SG its time for me to change, I don't know what else to do with H. I feel I have dropped the rope, doing more and more for me. I feel i am stepping back and looking at this whole thing. I know if he wishes like i do to work on this marriage, work has to and must be done to build a new marriage. If i am to wait and wait and wait for h, to just keep going in the direction he is moving onto. I will be in a old dark cold terrible place which I feel as of late I have gotten out of.
I Have been doing some as i call them 30, 60, 90's moving towards the 180's I am doing more for me, trying to find my happy place. If h sees these changes great, if he does not think they are good enough for him so be it. They are good for me.
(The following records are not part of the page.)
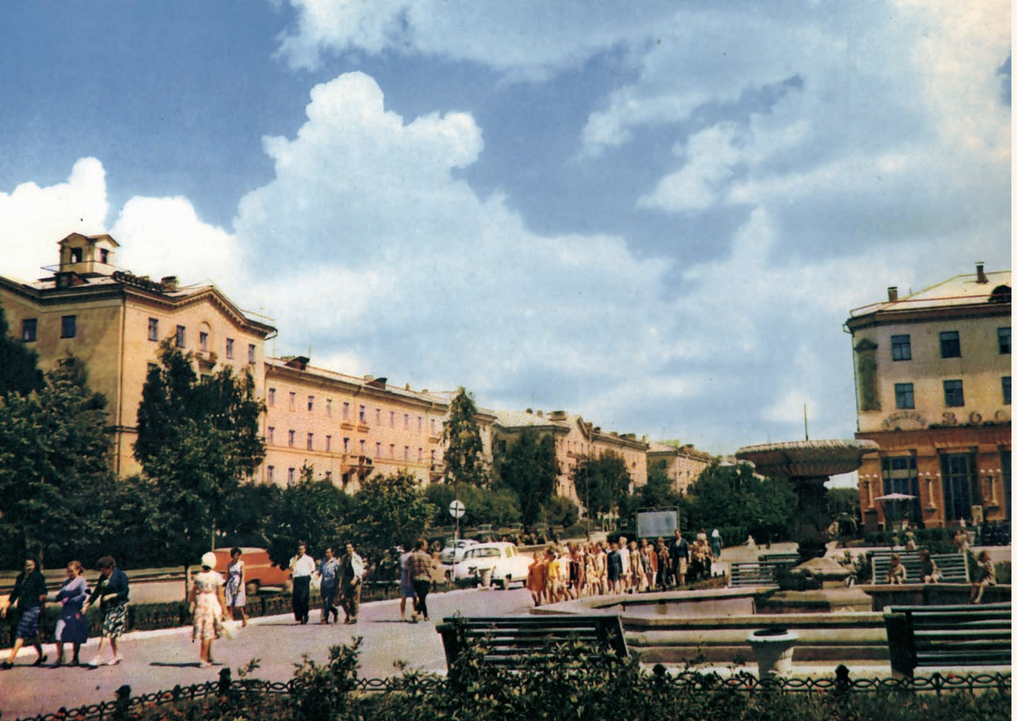
Улица Богдана Хмельницкого Bogdan Khmel'nitsky street
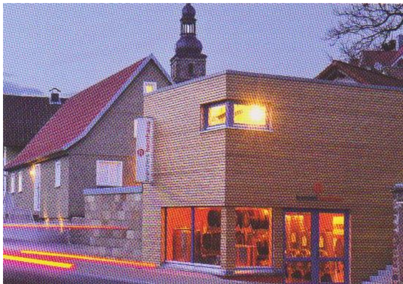
Besuch der Schaukelterei in Ehrenberg-Seiferts
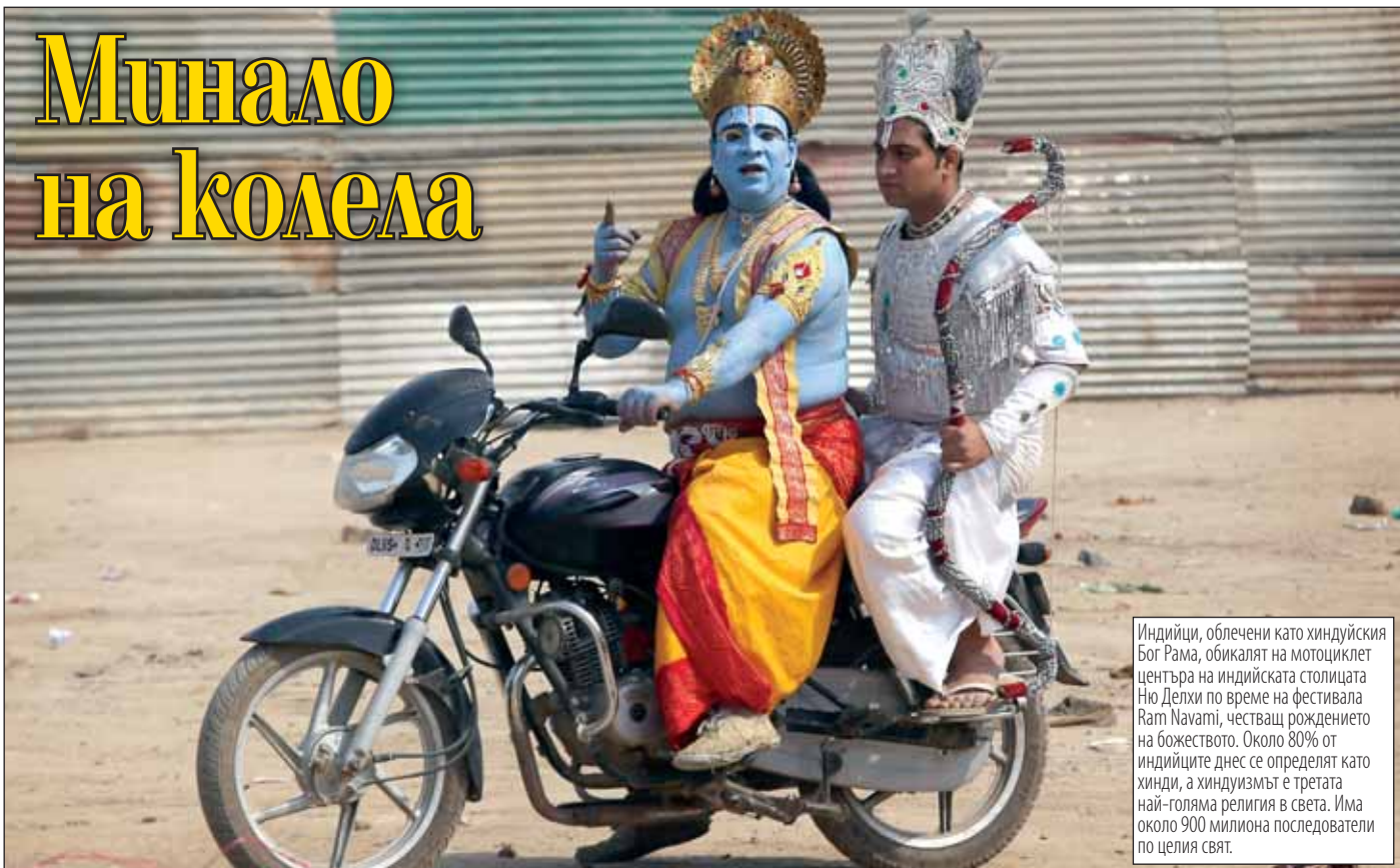
Индийци, облечени като хиндуйския Бог Рама, обикалят на мотоциклет центъра на индийската столицата Ню Делхи по време на фестивала Ram Navami, честваш рождението на божеството. Около 80% от индийците днес се определят като хинди, а хиндуизмът е третата най-голяма религия в света. Има около 900 милиона последователи по целия свят.
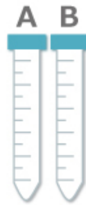
② 15ml 検査容器 A 1本 15ml 検査容器 B 1本
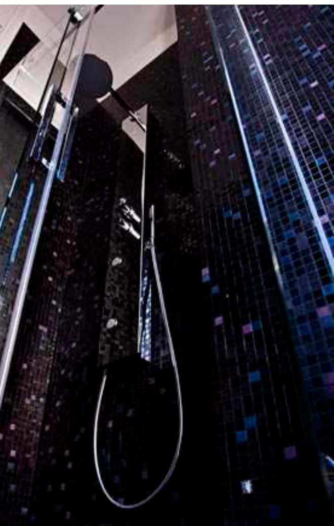
Doccia / Shower: DECOR FLUIDA / LOOK , Glass Mosaico / Mosaic: Trend
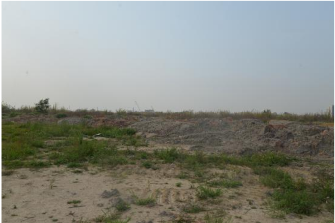
图 15 地块地表现状（北—南）
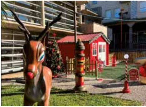
▲ La aldea de Papá Noel encanta a los niños y mayores!
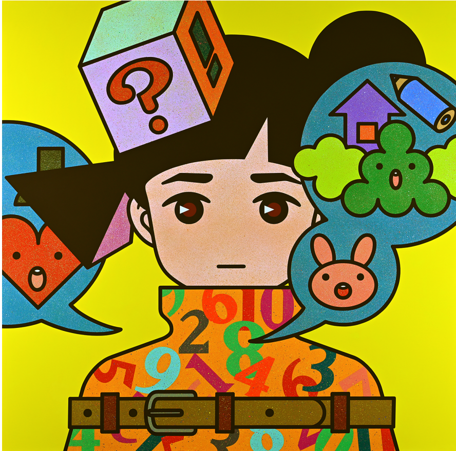
Who am I , 2023, acrylic on canvas, 116.7 by 116.7 cm.

Opening Reception: Friday, 19 May 2023, 5 - 8 pm (Artist will be present)
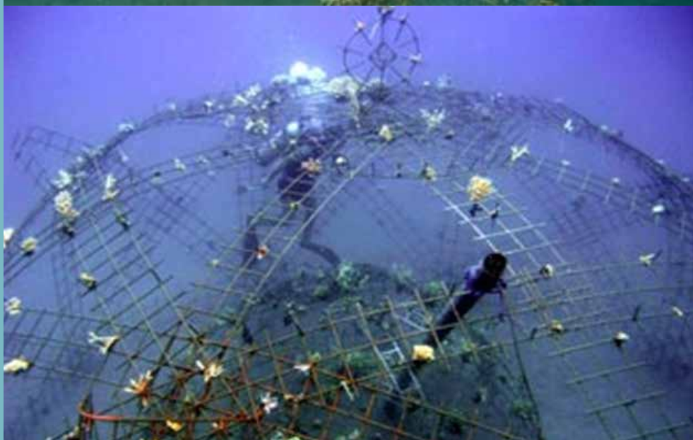
Elektrische riffen kunnen in allerlei vormen worden geconstrueerd.
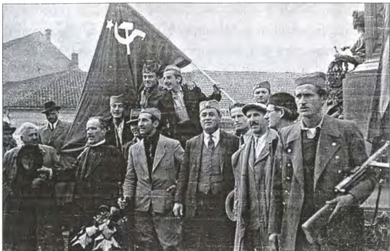
Четники полковника Д. Кесеровича

себе группу охраны, и разослал по четырем выделенным ему приказом волостям по надежному офицеру. Каждому офицеру он дал чету из 25 вооруженных четников и приказ нарастить четы до батальонов 71 .
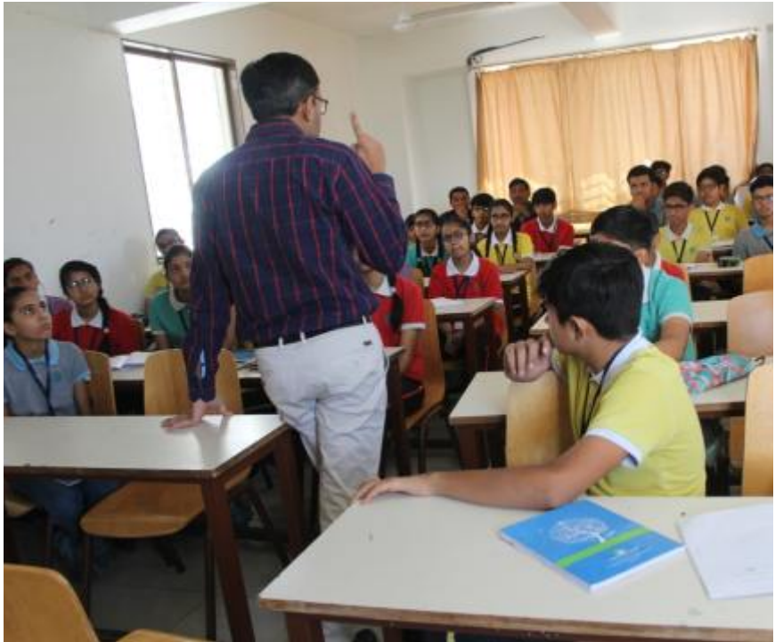
CAREER ORIENTED SESSION BY SUR DHARMESH PROFESSOR- VVPEC. RAJKOT
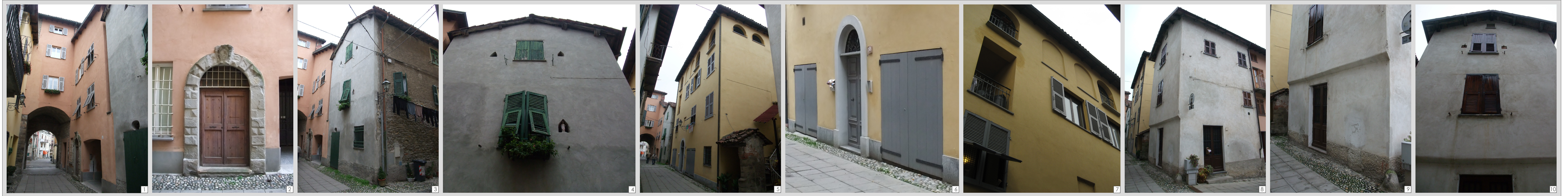
Via Interiore: tratto p.za S. Rocco/Piazza Nuova, fronte nord-est

And me is who i have to worry about now
I am leaving the door open for is return, time will tell if he decides to walk back into it
hugs bear
In my heart I do not believe your H will last with OW. And I truly believe his real happiness would lie with you.
If you really wanted to have the marriage of your dreams, though, you will need to be willing to really assess what he really sees in her, and it's more than the kids. You have a disdain for his desire to move up, to be seen as more. You see it as shallow.
Yet...that's important to him.
If you embrace that, honor it, work towards that, to fulfilling his heart, he will love you with a 'to die for you' love, most likely.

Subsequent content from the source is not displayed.